Eboli (Ebolitano: ) is a town and comune of Campania, southern Italy, in the province of Salerno.

An agricultural centre, Eboli is known mainly for olive oil and for its dairy products, among which the famous buffalo mozzarella from the area.

History
Archaeological excavations have shown that the Eboli area has been inhabited since the Copper and Bronze Ages. Also attested (starting from the 5th century BC) was the presence of the so-called Villanovan civilization.

The ancient Eburum was a Lucanian city, mentioned by Pliny the Elder, not far away from the Campanian border. It laid above the Via Popilia, which followed the line taken by the modern railway. The Romans gave it the status of municipium.

The town was destroyed first by Alaric I in 410 AD, and then by the Saracens in the 9th and 10th centuries. Later it served as a stronghold of the Principality of Salerno, with a massive castle built by Robert Guiscard.
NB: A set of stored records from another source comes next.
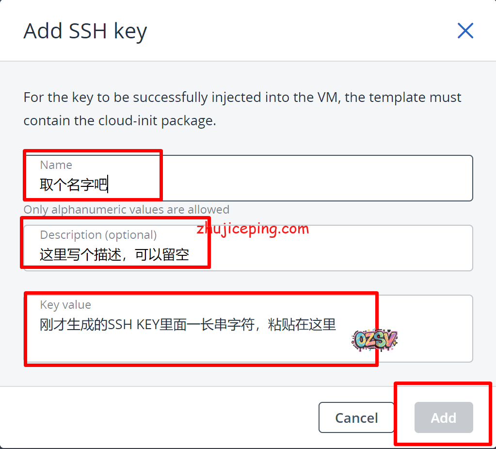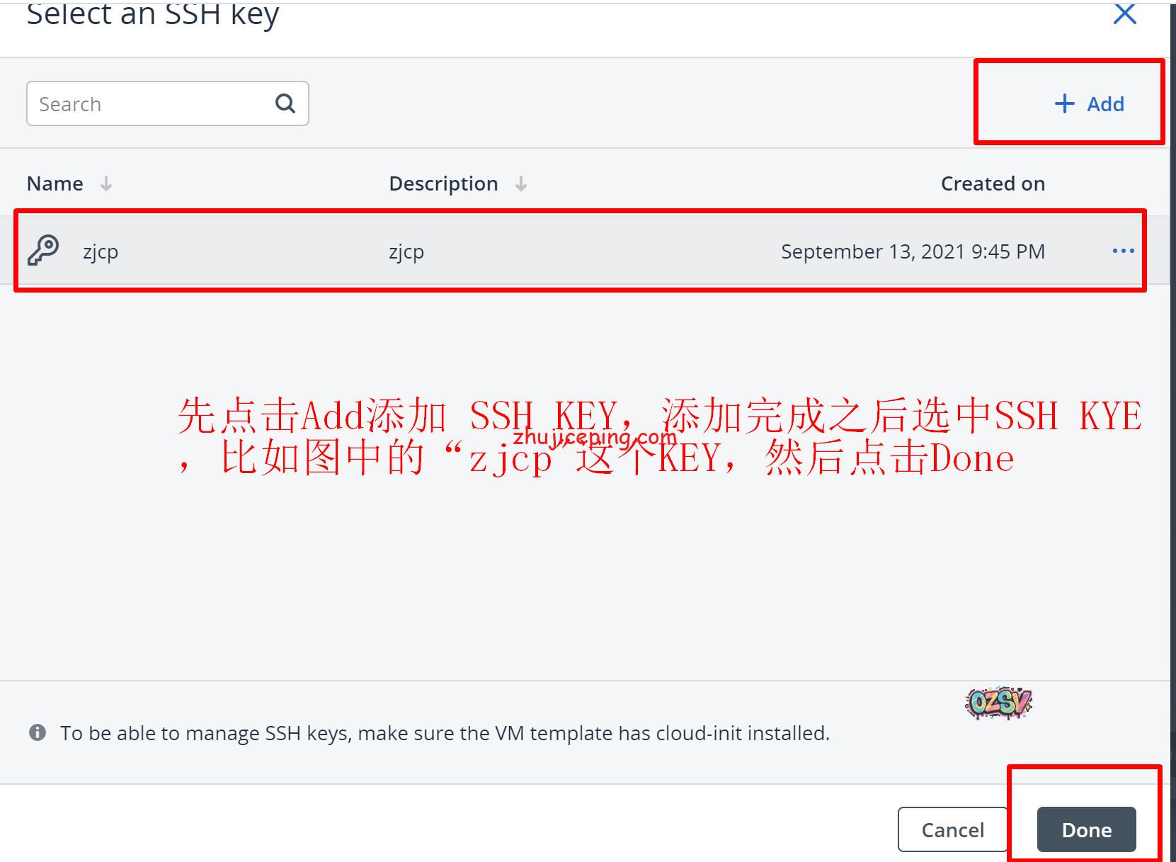 点击Add,然后添加 SSH KEY的信息,然后选中自己添加的KEY,比如 图中名称为zjcp的这个key。这个添加SSH KEY的步骤,我们也可以上前面的“图B” 左下角的“ssh keys”里面单独实现,可事先添加好,然后在这里直接选中“zjcp”这个已经添加好的ssh key就行了。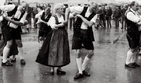 通常是下午三四点钟的样子,节庆期间的男女农民穿上普鲁士传统服饰,群相舞蹈。广场上总有几十对男男女女,四手拉拢,合着音乐的节拍,顿脚、踩踏、踮步、团团转。几次三番,老头子得在大妈的臂弯下吃力地蹲下去,钻过来,或者扶紧舞伴的胖腰猛转一圈,还赶紧抽出手臂斜叉腰间,摆出轻易而潇洒的姿态,其实脸已红得跟新鲜番薯似的,活像驾驭险道的马车。老婆娘那副憨厚的德意志脸哪里像跳舞呢,简直是在沸腾炊事中对付满灶的锅台。
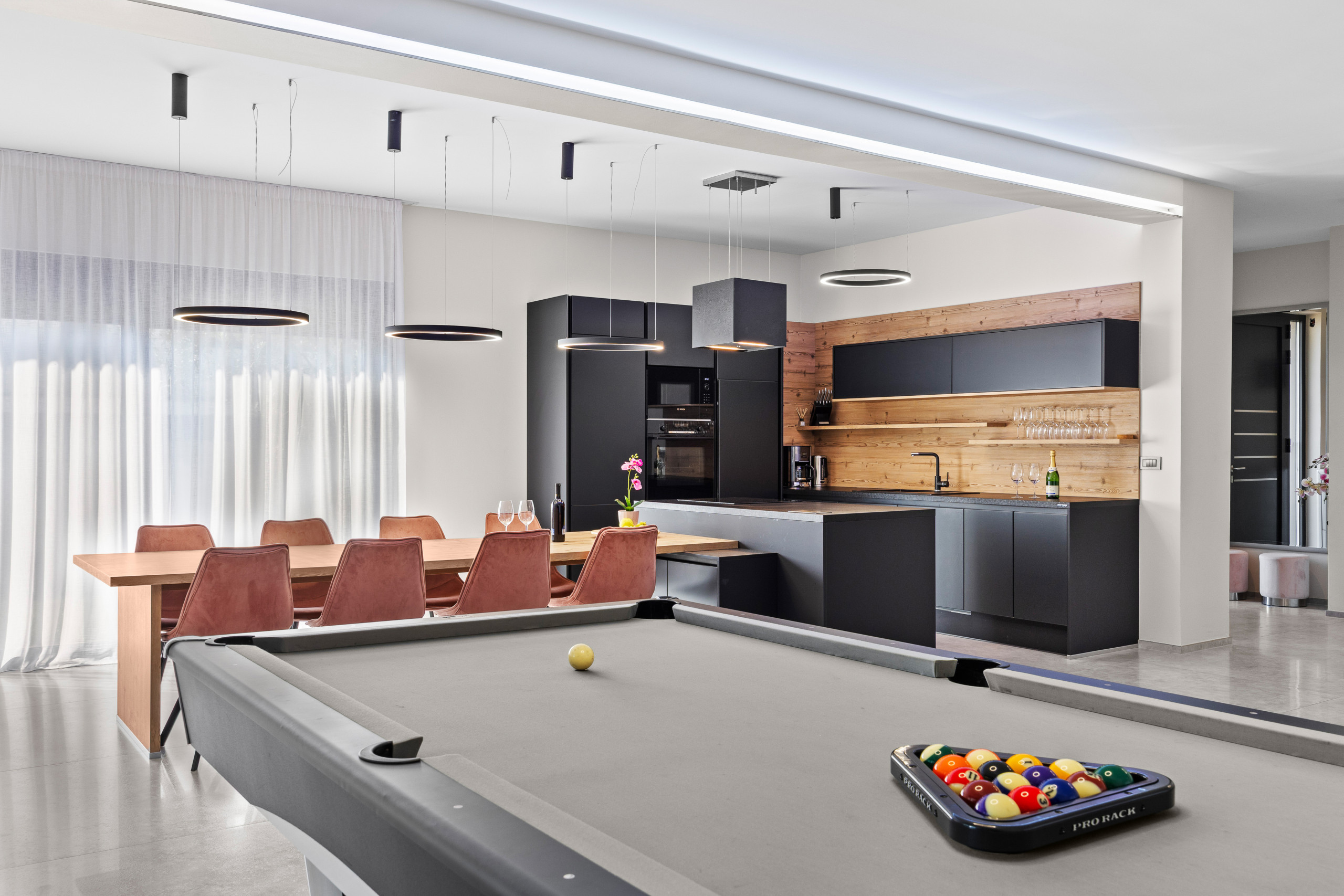 Размещение имеет зеленая зона, сад, oгороженный участок, стиральная машина, Барбекю, утюг, Доступ в интернет (wi-fi), Фен, Балкон, Сигнализация, Сауна, кондиционер, закрытый бассейн собственный бассейн, Открытая парковка в этом же здании, москитные сетки во всём помещении, 5 телевизоры, спутниковая антенна (языки: англиийский, немецкий, французский).

During the 1930s Eboli was able to expand into the plain after a project of land reclamation carried out by the Fascist government. It was severely damaged during the 1980 Irpinia earthquake.

Geography
Eboli is located at the feet of Montedoro, a peripheral spur of the Monte Raione-Monte Ripalta group. Its territory, which is 90% plain, is formed by the alluvial plain of the Sele river, which bounds it southwards. The remaining part comprises hills part of the Monti Picentini Regional Park.

Eboli borders with Albanella, Battipaglia, Campagna, Capaccio, Olevano sul Tusciano and Serre. Its hamlets (frazioni) are Campolongo, Cioffi, Corno d'oro, Fiocche, Santa Cecilia and Taverna Nova.

Main sights

The main attraction is the Colonna castle (11th century). Scanty remains of the ancient polygonal walls (4th century BC) can still be seen, as well as of a Roman imperial villa in the locality of Paterno. Eboli is also home to several 15th-16th century palazzi.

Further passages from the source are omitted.